"Великое противостояние" - читать интересную книгу автора (Кассиль Лев Абрамович)

Глава 11 Я всхожу над горизонтом

К концу лета группа Расщепея уехала в экспедицию. Ряд сцен надо было снять в лесах под Вязьмой. Работы в поездке было меньше, чем дома, попадались пустые дни из-за плохой погоды. Тогда мы собирались в избе, где жил Расщепей, и начинались бесконечные рассказы.

Много повидал в жизни Александр Дмитриевич. Он рассказывал нам о гражданской войне, о том, как он воевал вместе с Котовским, как ставился в первый раз красноармейский спектакль, как сыграл он в своей жизни первую роль — казачьего есаула… Только играть пришлось ему не на сцене, и спектакль продолжался две недели, а главным режиссером был сам Котовский.

Это была известная многим история о том, как Котовский, чтобы выманить из тамбовских лесов банду Антонова, переодел бойцов своего отряда в казаков, велел нашить на штаны лампасы, а сам стал будто бы казачьим полковником. Уловка удалась: банда решила слиться с «казачьим полком» и вышла из лесов. Котовцы, переодетые казаками, и антоновцы остановились в одном селе. Антонов и Котовский встретились на совещании в большой избе, и, как было условлено, Котовский выстрелом из нагана дал сигнал к нападению. Банда была истреблена.

— Да, это была, доложу я вам, аллегория с маршами и метаморфозами, — рассказывал Расщепей. — Я там не только есаула играл, но еще и осветителем был. Когда началась пальба, я первым делом — бац из нагана в лампу.

— Зачем же?

— Мы свой план наизусть выучили и с закрытыми глазами знали, в кого и куда стрелять, ну, а тем в потемках не разобраться было…

В ясные звездные вечера мы сидели на завалинке, и Расщепей читал нам целые лекции по астрономии. Это была его давнишняя страсть, и он всюду возил с собой небольшой, портативный, складывающийся телескоп. Когда я в первый раз посмотрела через трубу на луну, мне стало немного жутко.
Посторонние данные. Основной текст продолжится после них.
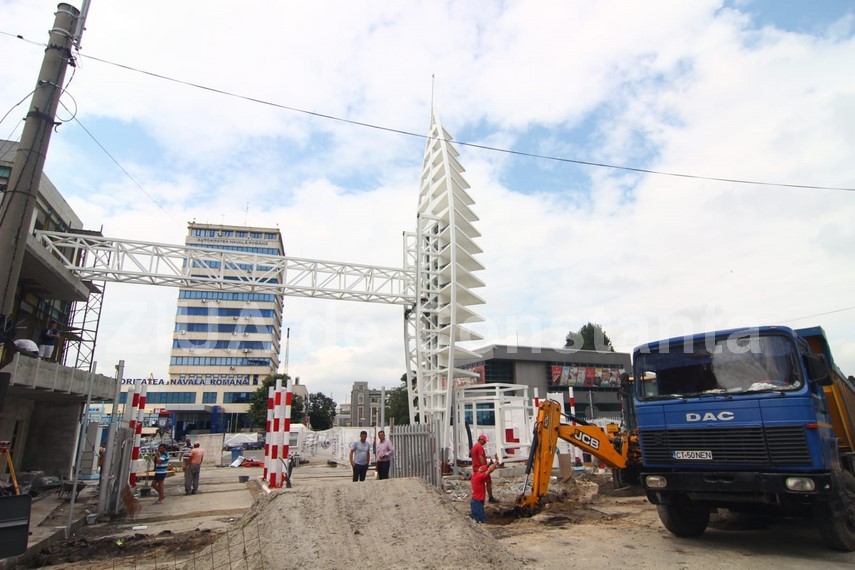 Lucrările de modernizare a intrării în Portul Constanţa de la Poarta 1 sunt în plină desfăşurare. Ieri se lucra la înălţarea pe poziţie a elementului care completează estetica amplasamentului, un totem metalic. Totemul seamănă cu renumitul hotel Burj Al Arab din Dubai.Modernizarea şi sistematizarea accesului în port pe la Poarta 1 fac parte din proiectul CIVITAS Portis, proiect european în care CN APM este partener, valoarea investiţiei fiind de circa 800.000 de euro. Va fi finalizată şi o clădire modernă în care se vor asigura spaţiile necesare autorităţilor cu atribuţii de control al intrării şi ieşirii din port. Descongestionarea traficului rutier între port şi oraş, creşterea numărului benzilor de circulaţie, cu sensurile de intrare şi ieşire clar delimitate, reprezintă obiectivele acestei ample modernizări.

Впервые я сама увидела, что луна — шар.

Очень страшно было видеть этот корявый, окоченевший мир, висящий в пустом черном небе. Я даже схватилась скорее за теплую руку стоявшего рядом Расщепея.

— Вы знаете, — сказала я как-то ему, — вы для меня прямо, Александр Дмитриевич, сами словно телескоп. Честное слово! Через вас мне все на свете теперь по-другому выглядит, я и себя по-иному рассмотрела.

— Ну, и как? Понравилась себе? — хитро прищурившись, спросил Расщепей.

— Не очень еще, а все-таки…

— Однако какие мы научились образы и метафоры запускать!

— Смейтесь, смейтесь… Все равно это правда так!

Вечера удлинялись и делались свежее. Кончался август. Часто падали звезды. И раз вечером, глядя на остывающий в небе след метеора, Расщепей сказал:

— Самый сейчас звездопад. Скоро и листья полетят… А вы, сударыня… — он сделал шутливо-свирепое лицо, — довольно вам на небо глядеть. Пора на себя оборотиться и в учебник заглянуть. Время, время, дорогая моя партизаночка. Сентябрь на носу. Не наверстаете потом.

И действительно, на следующий день он, как только кончили снимать, повел меня к старенькому учителю местной школы.

— Вот, Никанор Никанорович, привел под уздцы. Это та самая норовистая лошадка, о которой мы с вами договаривались. По математике мы хромаем, да и по русскому языку иногда сбой у нас бывает. Не возьметесь подковать немножко?

— Отчего же!.. С превеликим удовольствием, — засмеялся старичок. — Как можем, подкуем. Лошадка, видно, резвая.

Так стала я заниматься с Никанором Никаноровичем. Старик был доволен мной, нахваливал меня Расщепею, уверял, что у меня «совершенно выдающиеся способности»… Вот поди ж ты, разберись тут. А в школе меня считали мало на что годной. Я старалась не разочаровывать Расщепея и занималась довольно усердно. Времени свободного у меня теперь совсем не было. Я даже не собралась ответить на письмо Таты, которое получила еще в августе.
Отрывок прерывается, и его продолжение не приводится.